NSW becomes last state to legalise voluntary assisted dying

By Anna Macdonald

May 20, 2022

Member for Sydney Alex Greenwich. (AAP Image/Dan Himbrechts)

NSW has made voluntary assisted dying legal in the state, making it the last state to do so.

Introduced by independent minister Alex Greenwich, the legislation allows for the health secretary to approve in writing the administering of a chemical to cause a patient’s death. 

Greenwich took to Twitter to express his gratitude for the legislation passing. 

There has been criticism of the legislation passing, notably and unsurprisingly coming from the Catholic Church.

The archbishop of Sydney, Anthony Fisher, called it a ‘dark day’ in a statement.
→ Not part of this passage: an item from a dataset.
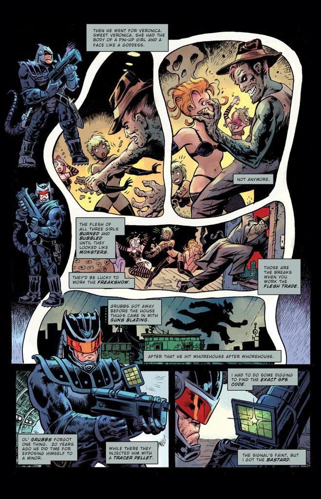 Warlash, an armored warrior of the apocalyptic future, is back. This issue reintroduces Warlash with three tales of hardboiled science fiction crime noir. “The Generator” Warlash goes on the hunt for a missing girl, only to find she has been kidnapped by a super villain who has activated her mutant powers. And in “Grubbs” Warlash goes into the seedy underground sewer system to chase a mutated monster who is devouring people at will, Illustrated by “Stealthy” Steve Mannion.

“If a civilisation is to be judged by how it treats its weakest members, the NSW parliament has failed miserably and has set a dark and dangerous path for all posterity, determining a new and disturbing definition of what it means to be human,” Fisher said.
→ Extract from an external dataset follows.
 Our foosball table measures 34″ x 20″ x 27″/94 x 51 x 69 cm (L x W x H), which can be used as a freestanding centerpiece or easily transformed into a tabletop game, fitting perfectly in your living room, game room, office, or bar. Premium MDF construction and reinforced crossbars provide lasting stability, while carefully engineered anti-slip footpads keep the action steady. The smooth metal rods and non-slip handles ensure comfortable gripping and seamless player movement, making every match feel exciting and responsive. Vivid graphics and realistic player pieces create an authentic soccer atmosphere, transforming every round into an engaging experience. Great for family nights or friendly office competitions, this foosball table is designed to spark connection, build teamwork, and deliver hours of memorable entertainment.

The archbishop thanked those who voiced their opposition to the legislation. 

Victoria was the first state to pass legislation legalising voluntary assisted dying, then Western Australia. Laws in Tasmania, South Australia and Queensland are set to come into effect either this year or the next. 

Voluntary assisted dying is not legal in either territory.

Prime minister Scott Morrison has said if the Coalition is re-elected he won’t give the Northern Territory or the ACT the option to vote on voluntary assisted dying, according to the ABC.

Morrison describes himself as a Pentecostal Christan, which is a separate branch of Christianity from Catholicism. 

As previously reported by The Mandarin in October last year, people were travelling between states where voluntary assisted dying is legal, skirting around commonwealth rules.